Die mit grauen Granitplatten verkleidete Repräsentanz der Bischofskonferenz fungiert als autonomer Kopfbau, der in seiner Bauflucht und Gebäudehöhe der angrenzenden Mietshausbebauung folgt. Er markiert mit einem an seiner Schmalseite vorspringenden Erker den leicht ansteigenden breitgelagerten Eingang des Geländes. Bereits von der Straße aus führt der Blick unmittelbar auf den ersten von insgesamt drei ineinander übergehenden gepflasterten Höfen, die in ihrer Gestaltung ungeachtet der Bäume im zweiten Hof merkwürdig kahl wirken. Sie schaffen einen öffentlichen Durchgang zur gegenüberliegenden Chausseestraße und erschließen die parallel zur Friedhofsmauer aufgereihten Akademiebauten. Blickfang des platzartigen ersten Hofes ist der nur neun Meter hohe Kirchenkubus. Durch die schmucklose, klare Gestaltung gelingt es den Architekten - in Zusammenarbeit mit dem Künstler Norbert Radermacher -, einen beeindruckenden Sakralraum zu definieren, der alle Menschen - gleich welcher Konfession, Religion oder Weltanschauung - als intuitiv erfahrbarer spiritueller Ruheraum begegnen soll. In für eine katholische Kirche ungewöhnlicher Weise beschränkt sich die Ausstattung auf das liturgisch Notwendigste. Altertümlich im positiven Sinne muten die Wände an, die massiv aus grau-weißen und grau-gelblichen Granitplatten gemauert sind. Die mit steigender Höhe vermehrt auftretende Einlage von transparenten Glasplatten im gleichen Maß von 60 mal 50 mal 4,5 Zentimetern löst die Wandflächen zunehmend auf. Tagsüber verändert das wechselnde Tageslicht die Raumatmosphäre. Nachts dagegen strahlt der beleuchtete Innenraum nach außen. Weiße Sichtbetonstützen tragen baldachinartig ein Flachdach identischen Materials, das die technischen Anlagen aufnimmt. Die Wände verlieren so ihre tragende Funktion und werden zu "Bildern".

Der die Kirche umgebende verglaste Wandelgang verbindet den fünfgeschossigen Akademiealtbau mit dem im rechten Winkel ansetzenden Tagungshotel. Dieses wie auch den anschließenden Foyerbau und den Büroriegel verkleiden ockerfarbene Ziegel. Alle drei Baukörper bilden gemeinsam eine u-förmige Grundrissstruktur. Mit der Gebäudehöhe und den drei Höfen nimmt sie die Blockstruktur der benachbarten Mietshäuser auf. Das sechs Meter hohe Auditoriumsfoyer öffnet sich zum zweiten Hof vollständig durch eine Glasfront. Mit seiner geschlossenen Rückseite reicht der in der Höhe entsprechende Auditoriumskubus bis an die Friedhofsmauer. An den Schmalseiten verschmelzen beidseitig angelegte kleine Gartenhöfe optisch durch die transparente Wandausbildung mit dem Tagungsraum.

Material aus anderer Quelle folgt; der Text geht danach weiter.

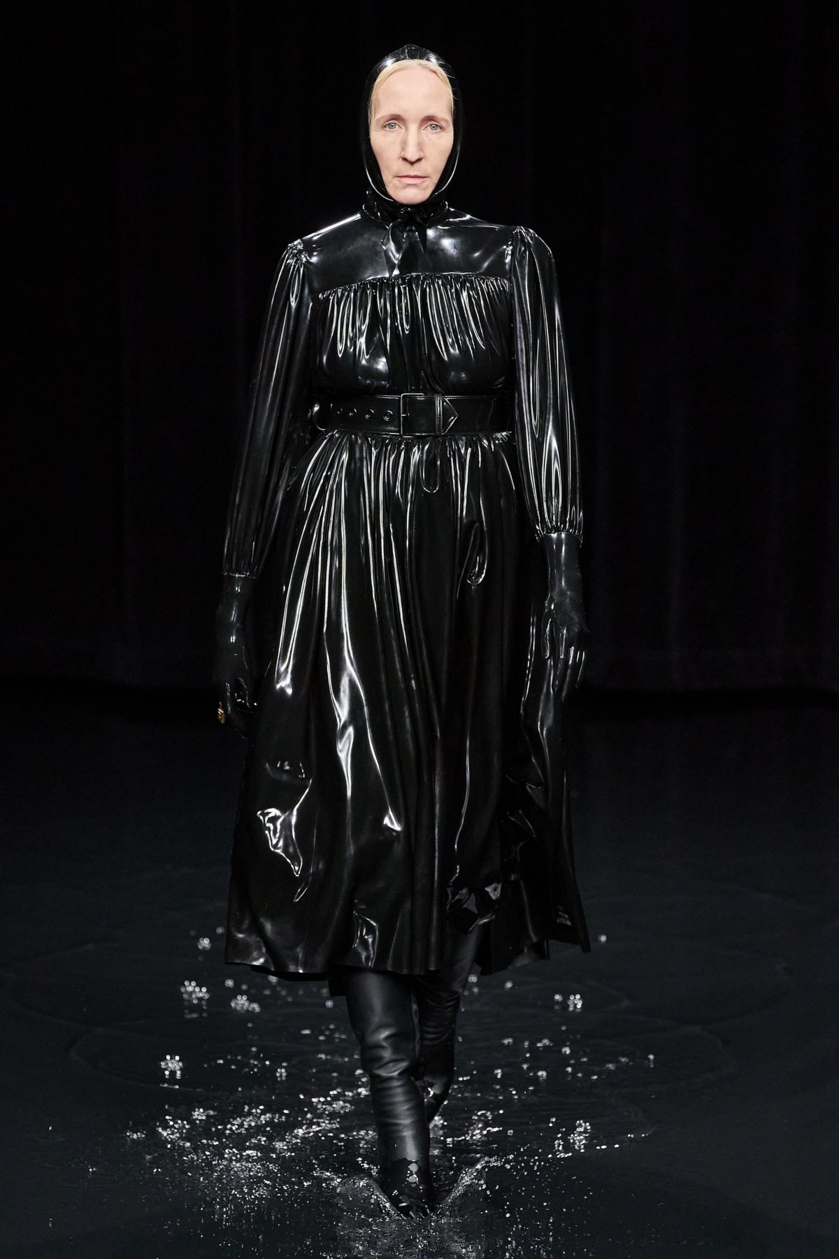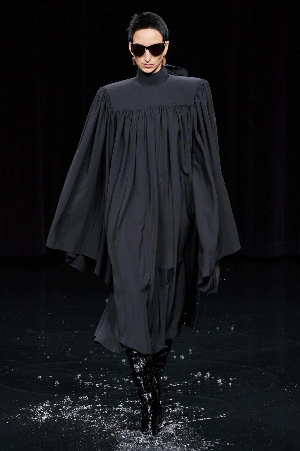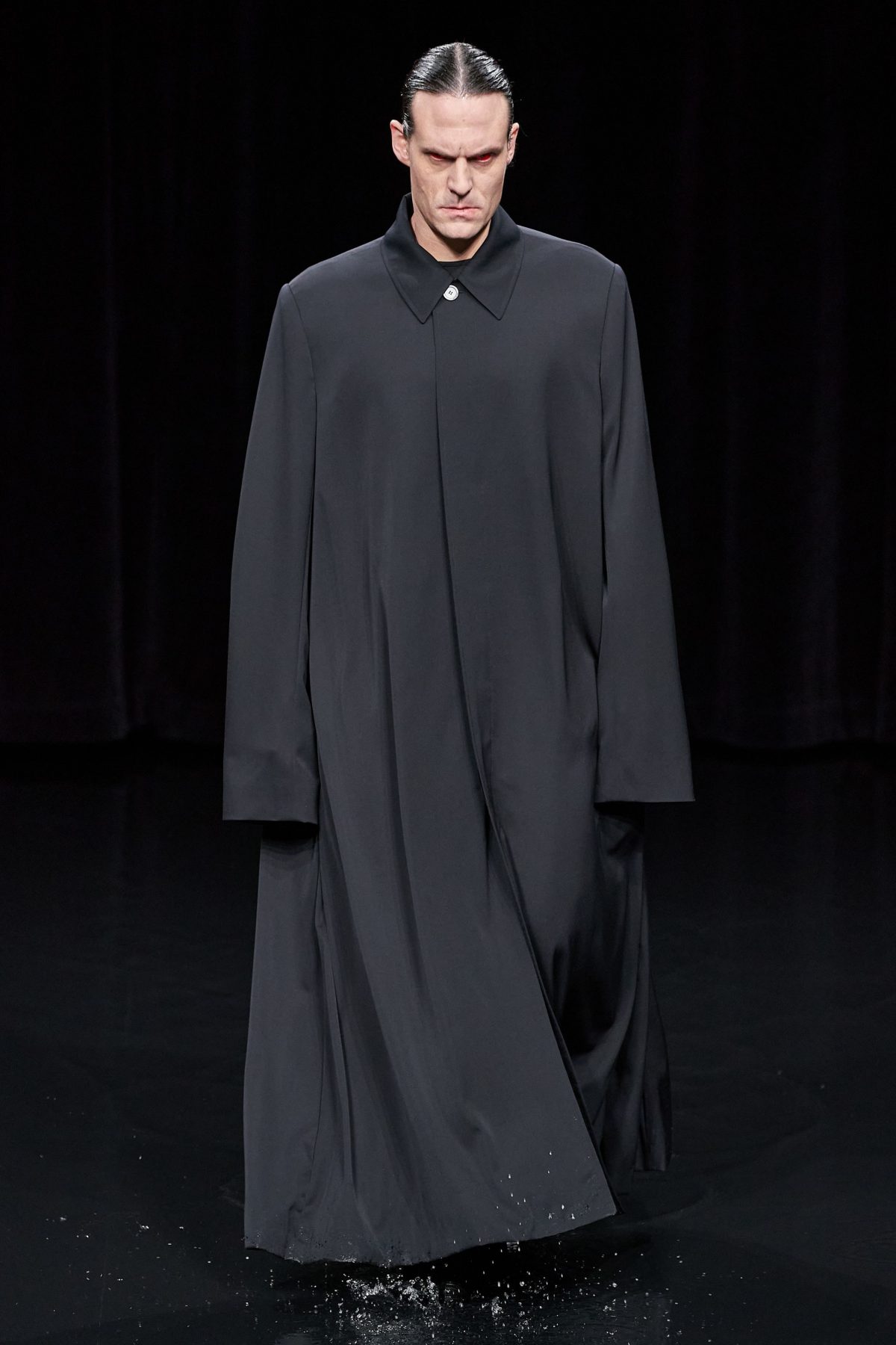This season, power dynamics shifted to the Church, commencing with an ominous classical soundtrack as models emerged in austere long black coats, splashing across the runway. “I had a lot of clerical wear in my research. I come from a country where the Orthodox religion has been so predominant,” Gvasalia said. “I went to Church to confess every Saturday. Back then, I remember looking at all these young priests and monks, wearing these long robes and thinking, ‘how beautiful.’”

Überzeugend gelingt es den Architekten, durch die Variation gleicher Gestaltungsmittel aus den Einzelbauten eine den städtischen Kontext integrierende Einheit zu formen und gleichzeitig deren Charakter zu bewahren. Beides erreichen sie durch die Stellung der Bauten zueinander, vor allem aber die skulpturale Auffassung der Architektur. Sie manifestiert sich in den plastischen, beabsichtigt irritierenden Fassadengestaltungen und dem vielfältigen Spiel von Übergängen zwischen Innen- und Außenräumen, zwischen offenen und geschlossenen Flächen.